* Directions
Omit the pictures and reproduce the rest of the listing exactly.

* Supplied data
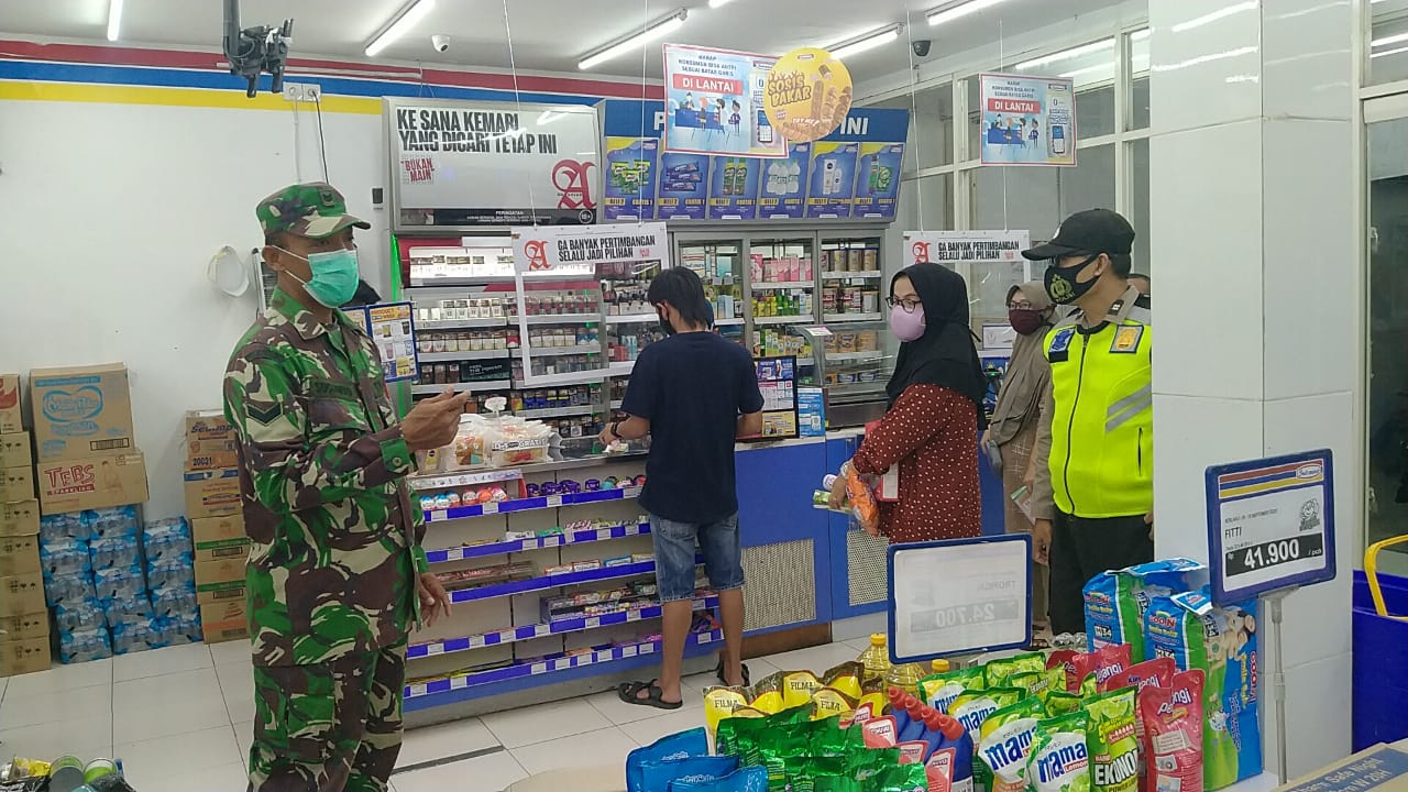SULSELBERITA.COM. Boyolali. Tekan penyebaran Virus Corona, Kodim 0724/Boyolali melalui Babinsa Sawahan Koramil 11/Ngemplak Sertu Sugianto melaksanakan patroli wilayah gabungan dengan Polsek Ngemplak di tempat perbelanjaan swalayan yang ada di Desa Sawahan Kecamatan Ngemplak Kabupaten Boyolali. Selasa Malam (15/09).
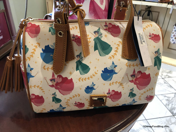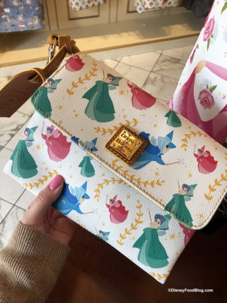 We found these in Uptown Jewelers on Main Street, but they are also available in Disney Springs’ Ever After Jewelry Co. & Accessories — and we spotted them on ShopDisney! You can select from the Sleeping Beauty Tote, Flora, Fauna, and Merryweather Crossbody, or the three fairies on a Satchel.
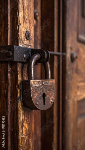 © Gandi, Fototapeta premium Aged padlock on weathered wooden door

* Output for this exercise
SULSELBERITA.COM. Boyolali. Tekan penyebaran Virus Corona, Kodim 0724/Boyolali melalui Babinsa Sawahan Koramil 11/Ngemplak Sertu Sugianto melaksanakan patroli wilayah gabungan dengan Polsek Ngemplak di tempat perbelanjaan swalayan yang ada di Desa Sawahan Kecamatan Ngemplak Kabupaten Boyolali. Selasa Malam (15/09).
 We found these in Uptown Jewelers on Main Street, but they are also available in Disney Springs’ Ever After Jewelry Co. & Accessories — and we spotted them on ShopDisney! You can select from the Sleeping Beauty Tote, Flora, Fauna, and Merryweather Crossbody, or the three fairies on a Satchel.
 © Gandi, Fototapeta premium Aged padlock on weathered wooden door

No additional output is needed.